Today, I'm looking for how to find the 2nd perturbation to the base in Rayleigh Schrödinger Perturbation Theory (RSPT).
SETUP
Starting from the 2nd order perturbation in Dirac's notation:
\begin{equation} \hat{H}^0 |n^2\rangle + \hat{V} |n^1\rangle = E_n^0 |n^2\rangle + E_n^1 |n^1\rangle + E_n^2 |n^0\rangle \end{equation}
Multiply to the left with $\langle k^0 |$
\begin{equation} \langle k^0| \hat{H}^0 |n^2\rangle + \langle k^0| \hat{V} |n^1\rangle = \langle k^0| E_n^0 |n^2\rangle + \langle k^0| E_n^1 |n^1\rangle + \langle k^0| E_n^2 |n^0\rangle \end{equation}
The hermicity of the Hamilton operator:
\begin{equation} E_k^0 \langle k^0 |n^2\rangle + \langle k^0| \hat{V} |n^1\rangle = E_n^0 \langle k^0 |n^2\rangle + E_n^1 \langle k^0 |n^1\rangle + E_n^2 \langle k^0 |n^0\rangle \end{equation}
Cancel the third term on the right
\begin{equation} E_k^0 \langle k^0 |n^2\rangle + \langle k^0| \hat{V} |n^1\rangle = E_n^0 \langle k^0 |n^2\rangle + E_n^1 \langle k^0 |n^1\rangle \end{equation}
Gathering same inner products:
\begin{equation} \langle k^0| \hat{V} |n^1\rangle - E_n^1 \langle k^0 |n^1\rangle = ( E_n^0 - E_k^0 ) \langle k^0 |n^2\rangle \end{equation} \begin{equation} ( E_n^0 - E_k^0 ) \langle k^0 |n^2\rangle = \langle k^0| \hat{V} |n^1\rangle - E_n^1 \langle k^0 |n^1\rangle \end{equation} Replacing $| N^1 \rangle$ and $E_N^1$ with the first order perturbation to the base and to the energy:
\begin{equation} |n^1\rangle =\sum_{m \neq n} |m^0 \rangle \frac{\langle m^0 | \hat{V} | n^0 \rangle}{E_n^0 - E_m^0} \end{equation} \begin{equation} E_N^{1} = \langle n^0 | \hat{V} | n^0 \rangle \end{equation}
\begin{equation} ( E_n^0 - E_k^0 ) \langle k^0 |n^2\rangle = \langle k^0| \hat{V} \sum_{m \neq n} |m^0 \rangle \frac{\langle m^0 | \hat{V} | n^0 \rangle}{E_n^0 - E_m^0} - E_n^1 \langle k^0 \sum_{m \neq n} |m^0 \rangle \frac{\langle m^0 | \hat{V} | n^0 \rangle}{E_n^0 - E_m^0} \end{equation}
\begin{equation} ( E_n^0 - E_k^0 ) \langle k^0 |n^2\rangle = \sum_{m \neq n} \frac{ \langle k^0| \hat{V} |m^0 \rangle \langle m^0 | \hat{V} | n^0 \rangle}{E_n^0 - E_m^0} - \langle n^0 | \hat{V} | n^0 \rangle \sum_{m \neq n} \frac{\langle k^0 |m^0 \rangle \langle m^0 | \hat{V} | n^0 \rangle}{E_n^0 - E_m^0} \end{equation}
At this point, I'm not sure if the bracket algebra was done properly not even forward.

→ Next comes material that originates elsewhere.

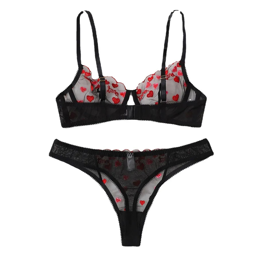 women's sexy letter heart shape sexy lingerie sets party embroidery see-through sheer bra low waist thong sexy lingerie

Then ... are another some algebra steps that I cannot figure out the properly path to find the respective coefficient:
$$\langle k^0 | n^2 \rangle$$
In order to replace it in:
\begin{equation} |n^2\rangle =\sum_{k \neq n} |k^0 \rangle \frac{\langle k^0 | \hat{V} | n^0 \rangle}{E_n^0 - E_k^0 ???} \end{equation}
QUESTION
Please, Would someone help me out to show me how to get the properly 2nd perturbation to the wave function?
Answer
Disclaimer This post is some kind of a legacy post. Find the notation used in the question in the other answer. I added this proof as I was not entirely certain I understood the notation correctly. As it turned out, I did not. As a result I posted the complete derivation of RSPT up to second order, trying to guide anyone through it using a different notation.$\require{cancel}$
Obviously, I will come back to the initial problem only at the end, if you are impatient, just skip ahead.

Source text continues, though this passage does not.